Required action
In the entries below, find the string "restore" and return each line holding it.

===

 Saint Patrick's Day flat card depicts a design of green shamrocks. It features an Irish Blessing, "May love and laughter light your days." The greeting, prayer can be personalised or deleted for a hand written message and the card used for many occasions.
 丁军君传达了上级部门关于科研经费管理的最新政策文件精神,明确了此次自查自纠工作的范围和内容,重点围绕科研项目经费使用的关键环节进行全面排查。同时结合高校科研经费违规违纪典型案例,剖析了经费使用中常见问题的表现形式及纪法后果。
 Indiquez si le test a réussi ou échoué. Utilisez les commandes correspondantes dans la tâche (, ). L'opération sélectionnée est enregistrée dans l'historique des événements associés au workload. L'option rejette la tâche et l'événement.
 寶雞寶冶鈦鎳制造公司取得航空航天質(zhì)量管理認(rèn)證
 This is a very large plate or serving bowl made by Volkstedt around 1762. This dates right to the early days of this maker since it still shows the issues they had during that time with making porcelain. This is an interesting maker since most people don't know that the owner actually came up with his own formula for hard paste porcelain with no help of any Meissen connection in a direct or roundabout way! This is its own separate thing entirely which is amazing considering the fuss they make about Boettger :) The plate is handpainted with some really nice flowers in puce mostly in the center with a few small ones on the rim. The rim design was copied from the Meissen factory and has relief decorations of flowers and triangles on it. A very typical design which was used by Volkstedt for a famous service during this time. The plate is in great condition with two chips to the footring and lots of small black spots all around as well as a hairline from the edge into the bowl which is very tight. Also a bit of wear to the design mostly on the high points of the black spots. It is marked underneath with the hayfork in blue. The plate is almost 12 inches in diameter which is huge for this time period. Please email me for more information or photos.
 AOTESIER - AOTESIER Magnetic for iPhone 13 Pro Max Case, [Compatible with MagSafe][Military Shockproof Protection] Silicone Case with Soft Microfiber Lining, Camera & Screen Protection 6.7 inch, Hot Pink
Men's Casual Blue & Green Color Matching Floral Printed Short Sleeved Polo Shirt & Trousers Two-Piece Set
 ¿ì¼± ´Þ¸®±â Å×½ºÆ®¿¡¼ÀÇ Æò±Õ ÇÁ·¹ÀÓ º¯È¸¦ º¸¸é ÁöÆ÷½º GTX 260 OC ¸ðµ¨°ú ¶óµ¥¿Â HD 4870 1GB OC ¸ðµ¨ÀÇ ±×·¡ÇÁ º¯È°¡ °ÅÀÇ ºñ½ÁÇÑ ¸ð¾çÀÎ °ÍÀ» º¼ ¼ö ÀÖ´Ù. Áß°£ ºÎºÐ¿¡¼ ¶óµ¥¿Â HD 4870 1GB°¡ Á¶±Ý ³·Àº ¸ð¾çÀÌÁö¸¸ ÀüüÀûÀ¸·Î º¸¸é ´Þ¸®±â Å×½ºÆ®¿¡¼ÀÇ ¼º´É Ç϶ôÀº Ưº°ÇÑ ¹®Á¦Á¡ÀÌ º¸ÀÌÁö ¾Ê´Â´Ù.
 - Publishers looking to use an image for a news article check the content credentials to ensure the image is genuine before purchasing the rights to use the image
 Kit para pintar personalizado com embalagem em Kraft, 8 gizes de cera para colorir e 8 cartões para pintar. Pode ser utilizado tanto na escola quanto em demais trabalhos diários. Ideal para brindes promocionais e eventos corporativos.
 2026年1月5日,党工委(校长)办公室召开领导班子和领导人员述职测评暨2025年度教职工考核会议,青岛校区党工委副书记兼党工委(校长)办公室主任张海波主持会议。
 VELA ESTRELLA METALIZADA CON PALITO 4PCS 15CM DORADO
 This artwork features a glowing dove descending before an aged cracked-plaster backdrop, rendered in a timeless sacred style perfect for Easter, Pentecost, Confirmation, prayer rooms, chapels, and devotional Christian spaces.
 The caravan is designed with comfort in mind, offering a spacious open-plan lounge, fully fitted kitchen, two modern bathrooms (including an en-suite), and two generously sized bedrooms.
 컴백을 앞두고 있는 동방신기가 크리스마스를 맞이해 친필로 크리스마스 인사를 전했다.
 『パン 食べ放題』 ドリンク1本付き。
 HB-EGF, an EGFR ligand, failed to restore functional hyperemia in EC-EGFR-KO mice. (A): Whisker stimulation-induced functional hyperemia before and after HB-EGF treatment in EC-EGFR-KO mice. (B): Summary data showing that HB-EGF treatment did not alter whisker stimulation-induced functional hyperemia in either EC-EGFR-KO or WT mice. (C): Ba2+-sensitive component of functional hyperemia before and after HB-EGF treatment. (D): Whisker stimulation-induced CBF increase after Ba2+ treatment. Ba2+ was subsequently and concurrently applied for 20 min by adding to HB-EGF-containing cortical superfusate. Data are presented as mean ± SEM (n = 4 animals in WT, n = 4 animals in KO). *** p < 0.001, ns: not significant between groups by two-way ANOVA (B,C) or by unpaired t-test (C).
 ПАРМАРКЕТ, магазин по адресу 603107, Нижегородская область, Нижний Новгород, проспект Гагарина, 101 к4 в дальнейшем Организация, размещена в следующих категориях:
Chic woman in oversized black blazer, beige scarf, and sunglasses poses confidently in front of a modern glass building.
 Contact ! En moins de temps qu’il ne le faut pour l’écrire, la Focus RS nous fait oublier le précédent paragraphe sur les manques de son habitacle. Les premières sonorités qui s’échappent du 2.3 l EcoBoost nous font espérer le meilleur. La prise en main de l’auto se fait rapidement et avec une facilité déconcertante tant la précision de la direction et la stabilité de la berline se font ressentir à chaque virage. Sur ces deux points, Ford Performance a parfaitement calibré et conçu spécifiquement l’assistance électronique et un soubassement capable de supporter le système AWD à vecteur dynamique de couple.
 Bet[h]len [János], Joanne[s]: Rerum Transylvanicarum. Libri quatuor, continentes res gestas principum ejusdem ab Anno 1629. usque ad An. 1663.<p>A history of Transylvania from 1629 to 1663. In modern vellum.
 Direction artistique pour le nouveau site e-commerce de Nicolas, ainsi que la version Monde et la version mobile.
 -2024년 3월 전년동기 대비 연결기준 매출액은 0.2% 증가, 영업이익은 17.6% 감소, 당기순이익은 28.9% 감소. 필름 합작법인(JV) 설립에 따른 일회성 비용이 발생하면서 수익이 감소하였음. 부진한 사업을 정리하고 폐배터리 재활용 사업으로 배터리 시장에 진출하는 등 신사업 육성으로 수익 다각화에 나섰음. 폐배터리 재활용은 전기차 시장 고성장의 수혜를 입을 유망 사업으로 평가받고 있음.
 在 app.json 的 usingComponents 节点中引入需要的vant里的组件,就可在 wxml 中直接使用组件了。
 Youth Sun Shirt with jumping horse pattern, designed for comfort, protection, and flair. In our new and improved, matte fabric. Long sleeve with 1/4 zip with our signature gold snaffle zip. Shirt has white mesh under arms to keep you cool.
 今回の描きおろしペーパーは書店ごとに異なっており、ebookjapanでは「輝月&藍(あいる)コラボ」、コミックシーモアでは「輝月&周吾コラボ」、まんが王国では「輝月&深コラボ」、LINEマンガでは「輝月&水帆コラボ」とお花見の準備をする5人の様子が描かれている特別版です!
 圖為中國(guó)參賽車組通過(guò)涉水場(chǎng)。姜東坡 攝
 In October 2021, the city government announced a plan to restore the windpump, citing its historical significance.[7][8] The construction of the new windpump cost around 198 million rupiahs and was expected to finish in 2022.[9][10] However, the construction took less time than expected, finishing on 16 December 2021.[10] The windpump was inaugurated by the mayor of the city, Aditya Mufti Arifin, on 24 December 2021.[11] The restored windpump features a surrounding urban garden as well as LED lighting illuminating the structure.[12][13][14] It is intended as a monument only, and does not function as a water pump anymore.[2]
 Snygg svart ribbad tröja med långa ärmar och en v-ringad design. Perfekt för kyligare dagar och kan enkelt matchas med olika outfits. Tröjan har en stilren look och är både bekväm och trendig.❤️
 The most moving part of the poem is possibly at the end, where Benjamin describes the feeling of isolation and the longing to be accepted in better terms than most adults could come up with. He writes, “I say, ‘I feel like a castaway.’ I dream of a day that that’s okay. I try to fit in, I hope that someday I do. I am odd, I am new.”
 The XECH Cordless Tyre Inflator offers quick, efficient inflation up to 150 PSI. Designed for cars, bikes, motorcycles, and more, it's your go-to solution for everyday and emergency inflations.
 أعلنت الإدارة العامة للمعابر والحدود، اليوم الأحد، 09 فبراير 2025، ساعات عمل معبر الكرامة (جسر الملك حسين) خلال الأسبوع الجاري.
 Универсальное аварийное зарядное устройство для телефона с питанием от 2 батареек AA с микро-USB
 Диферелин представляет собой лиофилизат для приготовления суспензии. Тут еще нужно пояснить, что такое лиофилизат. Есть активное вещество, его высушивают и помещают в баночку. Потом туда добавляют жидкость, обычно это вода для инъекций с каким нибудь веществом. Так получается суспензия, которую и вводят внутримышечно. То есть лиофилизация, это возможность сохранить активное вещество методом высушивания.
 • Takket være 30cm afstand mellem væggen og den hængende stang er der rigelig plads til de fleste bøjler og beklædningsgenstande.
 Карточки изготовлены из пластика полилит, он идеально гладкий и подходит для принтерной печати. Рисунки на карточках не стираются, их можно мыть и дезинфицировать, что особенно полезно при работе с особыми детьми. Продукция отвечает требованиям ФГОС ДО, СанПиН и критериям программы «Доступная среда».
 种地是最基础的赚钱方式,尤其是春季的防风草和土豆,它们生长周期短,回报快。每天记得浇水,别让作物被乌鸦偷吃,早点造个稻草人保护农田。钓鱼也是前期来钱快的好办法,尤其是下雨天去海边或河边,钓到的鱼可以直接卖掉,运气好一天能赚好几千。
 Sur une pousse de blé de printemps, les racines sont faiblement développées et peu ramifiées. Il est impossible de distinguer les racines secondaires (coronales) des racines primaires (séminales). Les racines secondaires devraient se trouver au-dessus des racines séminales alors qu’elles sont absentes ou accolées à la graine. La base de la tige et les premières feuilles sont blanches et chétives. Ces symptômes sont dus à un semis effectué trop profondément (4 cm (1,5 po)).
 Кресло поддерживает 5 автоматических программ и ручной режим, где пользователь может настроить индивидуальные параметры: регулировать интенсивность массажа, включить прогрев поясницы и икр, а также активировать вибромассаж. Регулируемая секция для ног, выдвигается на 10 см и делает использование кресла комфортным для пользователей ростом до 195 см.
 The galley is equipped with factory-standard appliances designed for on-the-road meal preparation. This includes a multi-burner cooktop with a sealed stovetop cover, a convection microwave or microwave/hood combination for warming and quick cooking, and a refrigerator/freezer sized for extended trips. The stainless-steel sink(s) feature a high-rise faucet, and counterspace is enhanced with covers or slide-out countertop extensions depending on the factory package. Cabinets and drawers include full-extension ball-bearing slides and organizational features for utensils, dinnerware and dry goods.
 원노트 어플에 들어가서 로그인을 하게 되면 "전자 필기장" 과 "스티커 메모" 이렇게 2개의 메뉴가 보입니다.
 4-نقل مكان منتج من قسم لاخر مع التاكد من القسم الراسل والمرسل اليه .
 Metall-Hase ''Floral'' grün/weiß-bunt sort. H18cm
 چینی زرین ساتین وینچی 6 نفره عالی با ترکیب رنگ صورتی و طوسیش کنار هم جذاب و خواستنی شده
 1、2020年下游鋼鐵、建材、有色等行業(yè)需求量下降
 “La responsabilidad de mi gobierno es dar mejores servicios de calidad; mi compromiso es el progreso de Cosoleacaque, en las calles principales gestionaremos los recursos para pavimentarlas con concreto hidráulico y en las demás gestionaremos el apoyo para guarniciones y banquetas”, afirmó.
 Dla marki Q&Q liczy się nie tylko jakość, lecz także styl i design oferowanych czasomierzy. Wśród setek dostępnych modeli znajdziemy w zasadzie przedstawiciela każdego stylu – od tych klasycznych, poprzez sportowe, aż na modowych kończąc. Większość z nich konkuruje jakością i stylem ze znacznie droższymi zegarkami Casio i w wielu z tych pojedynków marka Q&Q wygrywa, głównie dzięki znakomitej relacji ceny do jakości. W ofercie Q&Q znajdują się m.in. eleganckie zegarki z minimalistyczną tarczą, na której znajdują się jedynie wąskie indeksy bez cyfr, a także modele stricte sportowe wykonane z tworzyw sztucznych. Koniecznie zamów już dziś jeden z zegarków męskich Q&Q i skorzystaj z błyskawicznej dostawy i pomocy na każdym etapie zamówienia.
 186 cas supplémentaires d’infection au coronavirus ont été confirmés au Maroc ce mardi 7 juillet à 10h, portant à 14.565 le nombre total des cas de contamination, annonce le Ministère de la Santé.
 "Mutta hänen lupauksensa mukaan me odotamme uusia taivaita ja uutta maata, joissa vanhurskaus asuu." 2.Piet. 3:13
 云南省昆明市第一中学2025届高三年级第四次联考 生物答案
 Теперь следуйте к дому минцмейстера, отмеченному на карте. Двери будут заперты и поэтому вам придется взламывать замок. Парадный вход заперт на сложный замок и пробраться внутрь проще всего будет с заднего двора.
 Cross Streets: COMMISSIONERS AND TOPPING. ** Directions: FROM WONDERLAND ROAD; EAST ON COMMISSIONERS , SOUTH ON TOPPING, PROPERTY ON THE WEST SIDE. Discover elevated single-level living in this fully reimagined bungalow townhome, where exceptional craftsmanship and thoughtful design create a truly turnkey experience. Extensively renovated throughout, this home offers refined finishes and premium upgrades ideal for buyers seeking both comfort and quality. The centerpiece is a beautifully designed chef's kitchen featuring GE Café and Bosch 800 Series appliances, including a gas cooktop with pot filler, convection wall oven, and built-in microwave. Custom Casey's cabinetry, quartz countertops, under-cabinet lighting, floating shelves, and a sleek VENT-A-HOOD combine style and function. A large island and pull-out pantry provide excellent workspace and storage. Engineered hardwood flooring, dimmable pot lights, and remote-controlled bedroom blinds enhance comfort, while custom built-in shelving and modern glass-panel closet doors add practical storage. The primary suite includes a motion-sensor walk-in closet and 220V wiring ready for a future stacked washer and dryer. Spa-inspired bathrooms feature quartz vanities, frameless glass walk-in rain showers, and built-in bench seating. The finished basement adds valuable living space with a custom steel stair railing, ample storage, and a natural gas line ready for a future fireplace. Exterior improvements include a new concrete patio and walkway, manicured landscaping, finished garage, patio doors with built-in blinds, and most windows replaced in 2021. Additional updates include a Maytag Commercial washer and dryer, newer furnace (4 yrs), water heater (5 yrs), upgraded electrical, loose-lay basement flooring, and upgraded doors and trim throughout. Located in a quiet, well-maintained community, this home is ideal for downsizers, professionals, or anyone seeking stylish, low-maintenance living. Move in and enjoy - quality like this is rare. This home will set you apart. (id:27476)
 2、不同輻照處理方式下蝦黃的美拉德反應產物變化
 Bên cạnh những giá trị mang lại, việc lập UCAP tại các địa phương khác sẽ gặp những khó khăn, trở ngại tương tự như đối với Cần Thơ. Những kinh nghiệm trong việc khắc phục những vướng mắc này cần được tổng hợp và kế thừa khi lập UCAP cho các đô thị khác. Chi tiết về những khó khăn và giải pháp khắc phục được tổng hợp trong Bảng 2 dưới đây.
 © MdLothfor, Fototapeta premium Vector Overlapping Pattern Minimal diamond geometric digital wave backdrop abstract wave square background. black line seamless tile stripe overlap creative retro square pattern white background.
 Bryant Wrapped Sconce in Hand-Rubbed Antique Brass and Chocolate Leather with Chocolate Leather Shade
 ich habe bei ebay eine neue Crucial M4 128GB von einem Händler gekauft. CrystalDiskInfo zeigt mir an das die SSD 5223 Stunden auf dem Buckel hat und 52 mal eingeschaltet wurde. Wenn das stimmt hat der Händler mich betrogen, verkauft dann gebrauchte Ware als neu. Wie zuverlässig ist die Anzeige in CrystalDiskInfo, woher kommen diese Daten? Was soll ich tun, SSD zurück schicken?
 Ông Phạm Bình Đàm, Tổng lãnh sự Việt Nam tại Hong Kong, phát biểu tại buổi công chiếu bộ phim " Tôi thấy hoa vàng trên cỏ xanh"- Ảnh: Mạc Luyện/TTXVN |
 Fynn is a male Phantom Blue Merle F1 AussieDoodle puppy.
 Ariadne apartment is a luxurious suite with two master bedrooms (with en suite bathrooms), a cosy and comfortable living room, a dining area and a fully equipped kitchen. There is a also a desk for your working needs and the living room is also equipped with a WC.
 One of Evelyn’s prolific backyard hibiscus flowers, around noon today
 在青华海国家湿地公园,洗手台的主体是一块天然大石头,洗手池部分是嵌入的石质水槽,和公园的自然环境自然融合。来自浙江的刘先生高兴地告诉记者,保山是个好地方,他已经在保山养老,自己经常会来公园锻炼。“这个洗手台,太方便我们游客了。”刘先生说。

===

Task response
 HB-EGF, an EGFR ligand, failed to restore functional hyperemia in EC-EGFR-KO mice. (A): Whisker stimulation-induced functional hyperemia before and after HB-EGF treatment in EC-EGFR-KO mice. (B): Summary data showing that HB-EGF treatment did not alter whisker stimulation-induced functional hyperemia in either EC-EGFR-KO or WT mice. (C): Ba2+-sensitive component of functional hyperemia before and after HB-EGF treatment. (D): Whisker stimulation-induced CBF increase after Ba2+ treatment. Ba2+ was subsequently and concurrently applied for 20 min by adding to HB-EGF-containing cortical superfusate. Data are presented as mean ± SEM (n = 4 animals in WT, n = 4 animals in KO). *** p < 0.001, ns: not significant between groups by two-way ANOVA (B,C) or by unpaired t-test (C).
 In October 2021, the city government announced a plan to restore the windpump, citing its historical significance.[7][8] The construction of the new windpump cost around 198 million rupiahs and was expected to finish in 2022.[9][10] However, the construction took less time than expected, finishing on 16 December 2021.[10] The windpump was inaugurated by the mayor of the city, Aditya Mufti Arifin, on 24 December 2021.[11] The restored windpump features a surrounding urban garden as well as LED lighting illuminating the structure.[12][13][14] It is intended as a monument only, and does not function as a water pump anymore.[2]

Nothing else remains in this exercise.